# WHAT IS EXPECTED
Look below for the line that contains "La liste ISLE", then copy it and each following line exactly, through and including the line that contains "Women's Minimalist Square-Toe".

SUPPLIED MATERIAL START

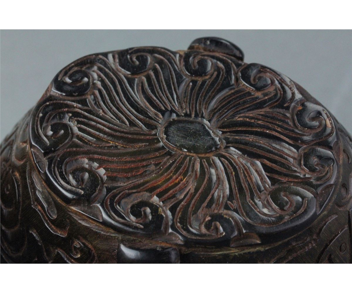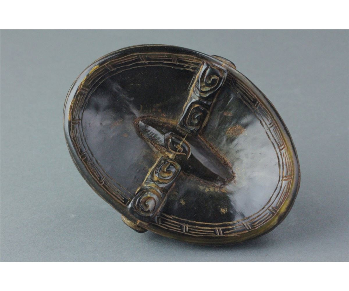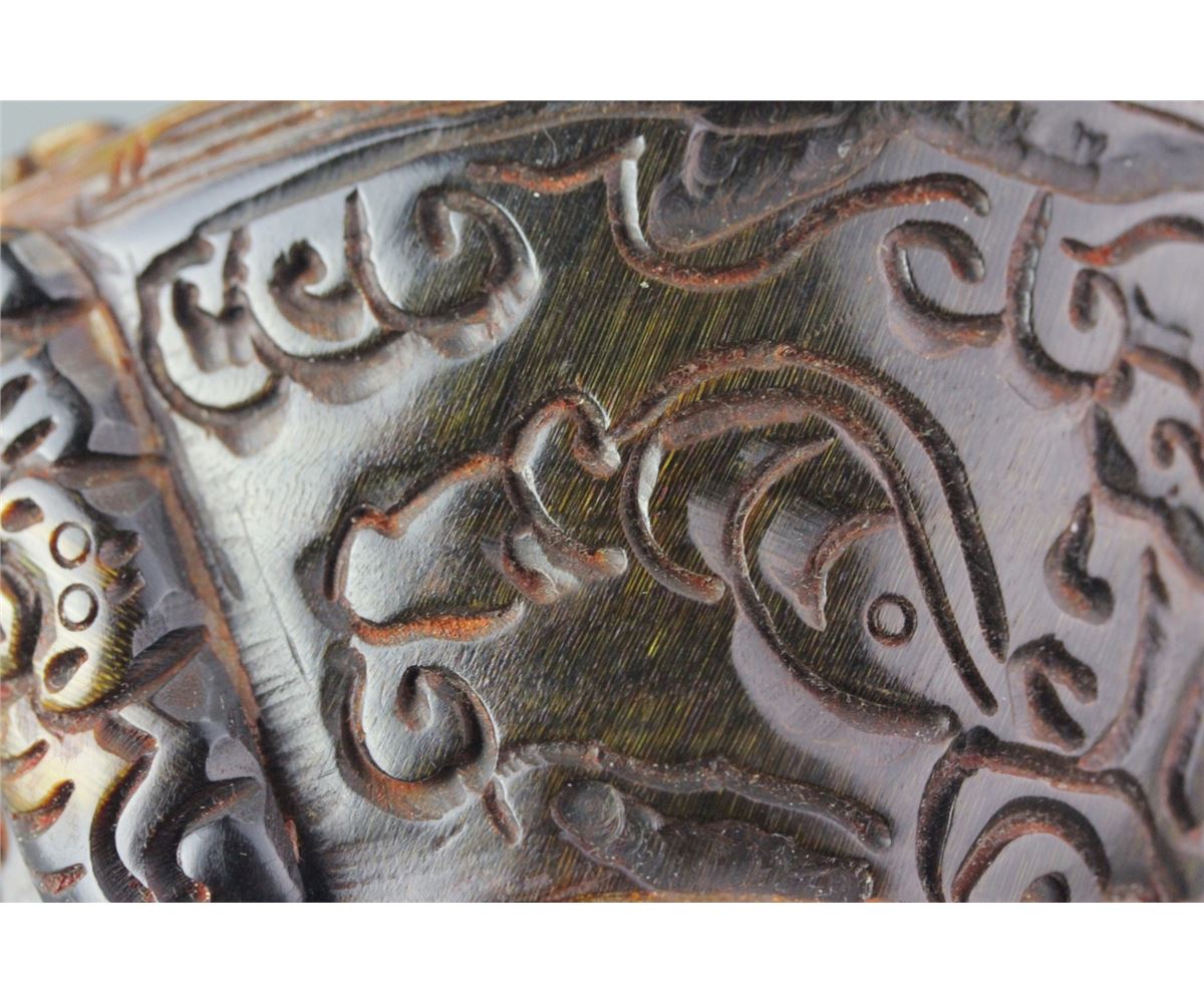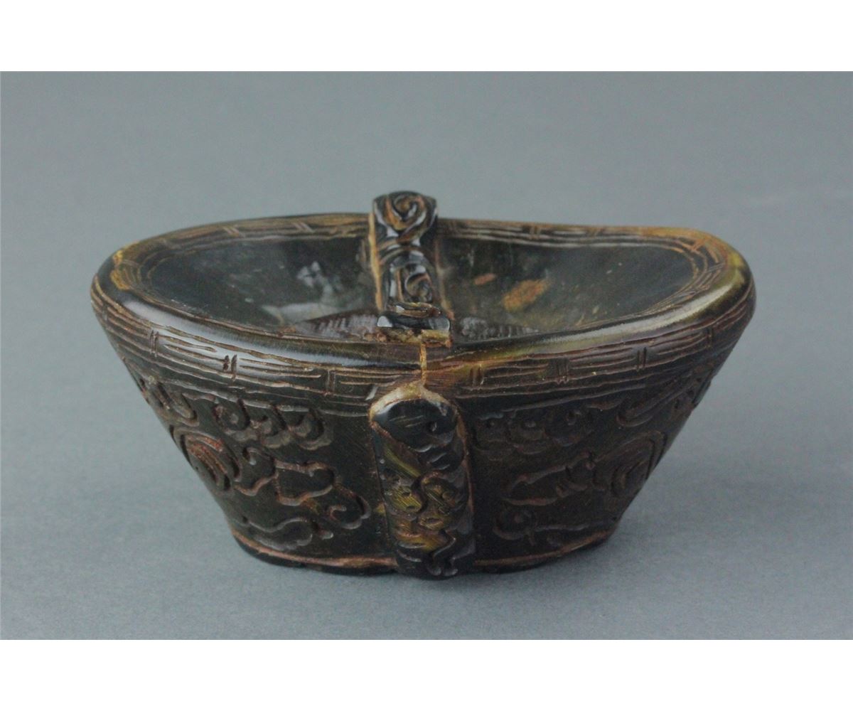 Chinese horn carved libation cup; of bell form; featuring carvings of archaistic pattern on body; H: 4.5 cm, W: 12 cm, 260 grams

SUPPLIED MATERIAL END
SUPPLIED MATERIAL START

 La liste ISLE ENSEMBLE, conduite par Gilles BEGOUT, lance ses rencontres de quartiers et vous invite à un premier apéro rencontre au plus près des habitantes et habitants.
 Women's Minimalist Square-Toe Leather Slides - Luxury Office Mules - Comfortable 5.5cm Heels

SUPPLIED MATERIAL END

# ANSWER BELOW
 La liste ISLE ENSEMBLE, conduite par Gilles BEGOUT, lance ses rencontres de quartiers et vous invite à un premier apéro rencontre au plus près des habitantes et habitants.
 Women's Minimalist Square-Toe Leather Slides - Luxury Office Mules - Comfortable 5.5cm Heels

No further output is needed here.